Antidiabetic activity in vitro and in vivo of BDB, a selective inhibitor of protein tyrosine phosphatase 1B, from Rhodomela confervoides

• Published in: British journal of pharmacology Vol. 177; no. 19; pp. 4464 - 4480
• Main Authors: Luo, Jiao, Zheng, Meiling, Jiang, Bo, Li, Chao, Guo, Shuju, Wang, Lijun, Li, Xiangqian, Yu, Rilei, Shi, Dayong
• Format: Journal Article
• Language: English
• Published: England Blackwell Publishing Ltd 01.10.2020; John Wiley and Sons Inc
• Subjects: Antidiabetics; Bioavailability; bromophenol; cell permeability; Diabetes; Diabetes mellitus (non-insulin dependent); Drug development; Enzyme kinetics; Glucagon; Hypoglycemia; Hypolipoproteinemia; Insulin; Metabolic disorders; Myotubes; Oral administration; oral bioavailability; Pancreas; Permeability; Phosphatase; Protein-tyrosine-phosphatase; PTP1B inhibitor; Research Paper; Research Papers; Rhodomela confervoides; selectivity; Surface plasmon resonance; cell permeability; selectivity; PTP1B inhibitor; oral bioavailability; bromophenol
• ISSN: 0007-1188; 1476-5381
• DOI: 10.1111/bph.15195

Background and Purpose Protein tyrosine phosphatase (PTP) 1B (PTP1B) plays a critical role in the regulation of obesity, Type 2 diabetes mellitus and other metabolic diseases. However, drug candidates exhibiting PTP1B selectivity and oral bioavailability are currently lacking. Here, the enzyme inhibitory characteristics and pharmacological benefits of 3‐bromo‐4,5‐bis(2,3‐dibromo‐4,5‐dihydroxybenzyl)‐1,2‐benzenediol (BDB) were investigated in vitro and in vivo.

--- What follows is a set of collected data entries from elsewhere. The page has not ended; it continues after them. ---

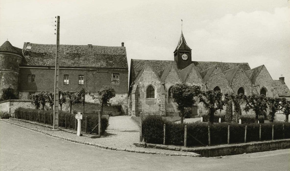 Le prieuré de Néron, dépendant de l'abbaye de Thiron, s'est formé aux 12e et 13e siècles. L'église n'est pas attestée au-delà du milieu du 13e siècle. Elle se compose d'une nef avec choeur et sanctuaire, cette partie formant l'édifice d'origine. Vers 1330, une nef latérale fut ajoutée. Le clocher, détruit par la foudre en 1701, a été reconstruit en 1723. L'édifice est entouré par le jardin du presbytère, une cour dépendant de la ferme et les bâtiments de celle-ci. Cette ferme a probablement été construite au 17e siècle. Elle se compose de deux bâtiments de hauteur différente, reliés en leur angle par une tourelle. Les façades sur rue sont en pierres et briques ; celles sur cour sont en maçonnerie au rez-de-chaussée et en colombages sur les étages. Ces bâtiments constituèrent les communs du prieuré.
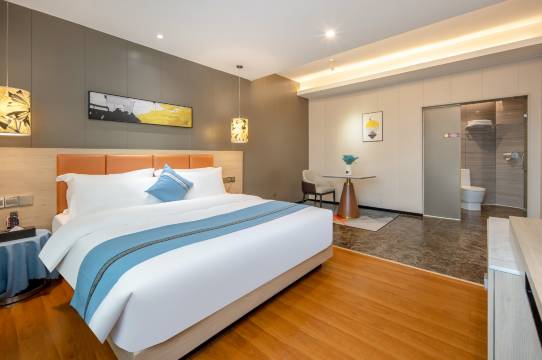前台服务热情还给升级了房型,房间挺干净和宽敞的性价比也高推荐
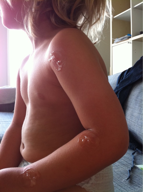 Didrik blev typ uppäten av mygg igår kväll. Idag tjatar han om att han vill bli kliad.
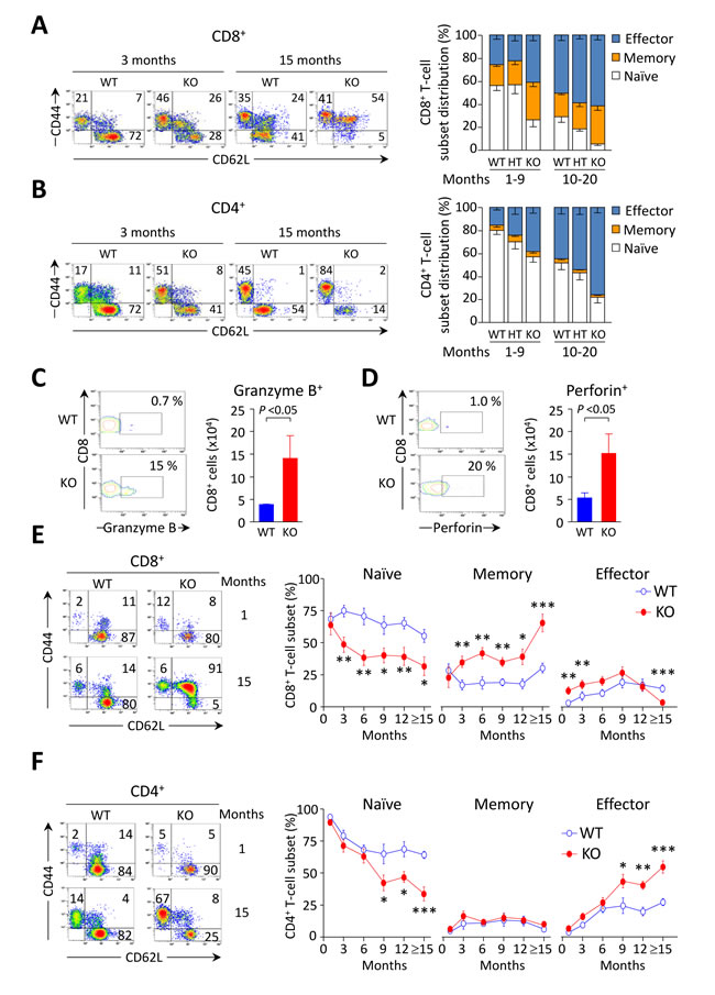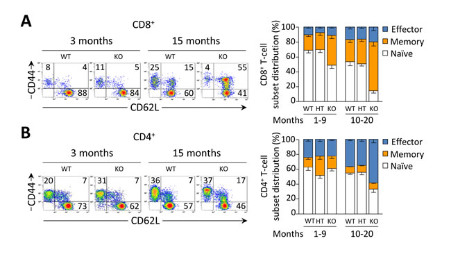 Figure 5: Activation status of T cells in the spleen of WT, HT, and Ae2a,b−/− mice analyzed by flow cytometry. A. and B. Representative density plots (left) and T-cell subset distributions (right), i.e. naïve (CD44loCD62Lhi), memory (CD44hiCD62Lhi) and effector (CD44hiCD62Llo) T cells, illustrating the activation status of CD8+ (in A) and CD4+ T splenocytes (in B) in both young and old mice. Data are shown as mean ± SEM of n = 8 mice per genotype and group.
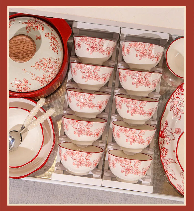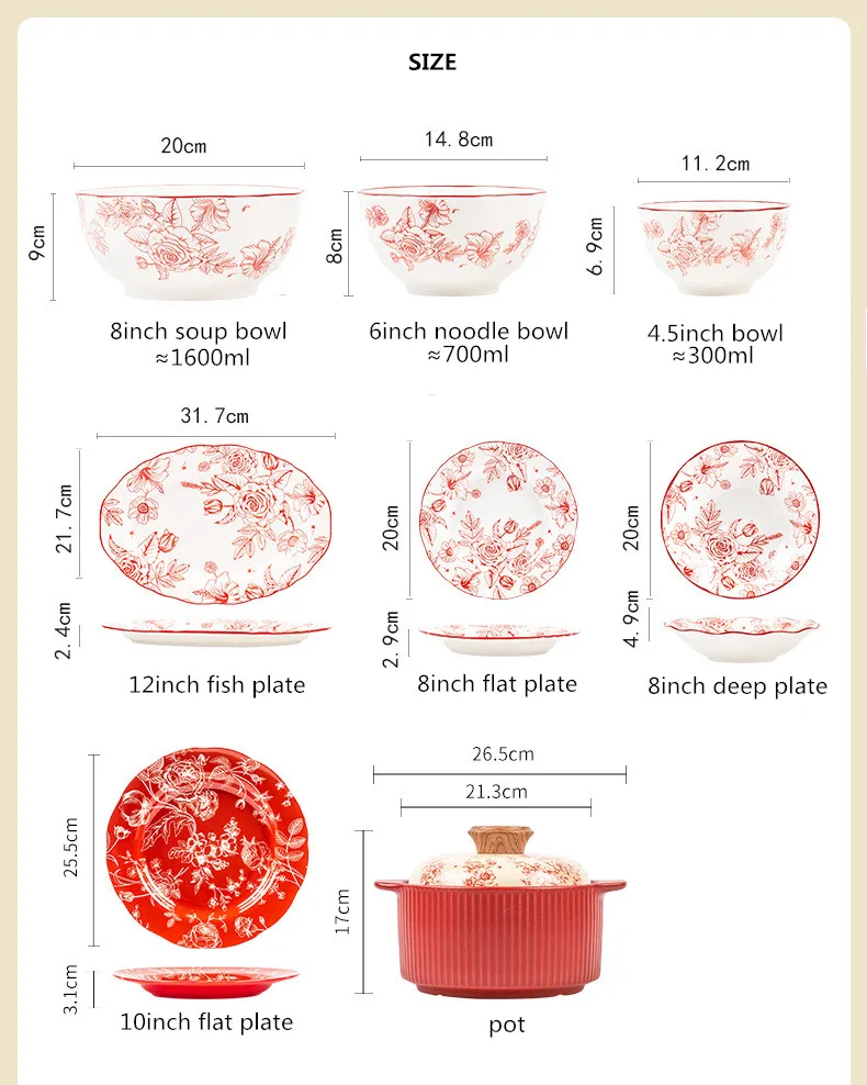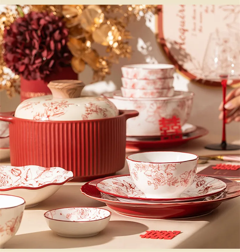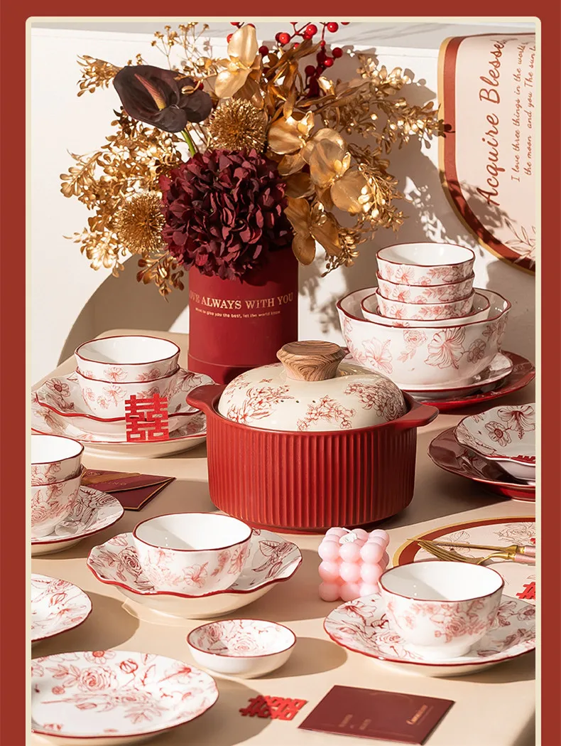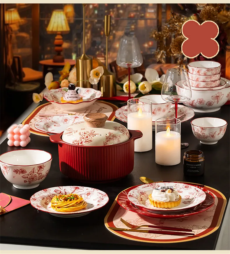 1Set New Luxury Red Rose Ceramic Tableware Household Bowl Spoon Plate Dinner Dinsh Kitchen Cutlery Home Decor

Experimental Approach Surface plasmon resonance (SPR) assay was performed to validate the direct binding of BDB to PTP1B, and Lineweaver–Burk analysis of the enzyme kinetics was used to characterise the inhibition by BDB. Both in vitro enzyme‐inhibition assays and SPR experiments were also conducted to study the selectivity exhibited by BDB towards four other PTP‐family proteins: TC‐PTP, SHP‐1, SHP‐2, and LAR. C2C12 myotubes were used to evaluate cellular permeability to BDB. Effects of BDB on insulin signalling, hypoglycaemia and hypolipidaemia were investigated in diabetic BKS db mice, after oral gavage. The beneficial effects of BDB on pancreatic islets were examined based on insulin and/or glucagon staining. Key Results BDB acted as a competitive inhibitor of PTP1B and demonstrated high selectivity for PTP1B among the tested PTP‐family proteins. Moreover, BDB was cell‐permeable and enhanced insulin signalling in C2C12 myotubes. Lastly, oral administration of BDB produced effective antidiabetic effects in spontaneously diabetic mice and markedly improved islet architecture, which was coupled with an increase in the ratio of β‐cells to α‐cells. Conclusion and Implications BDB application offers a potentially practical pharmacological approach for treating Type 2 diabetes mellitus by selectively inhibiting PTP1B.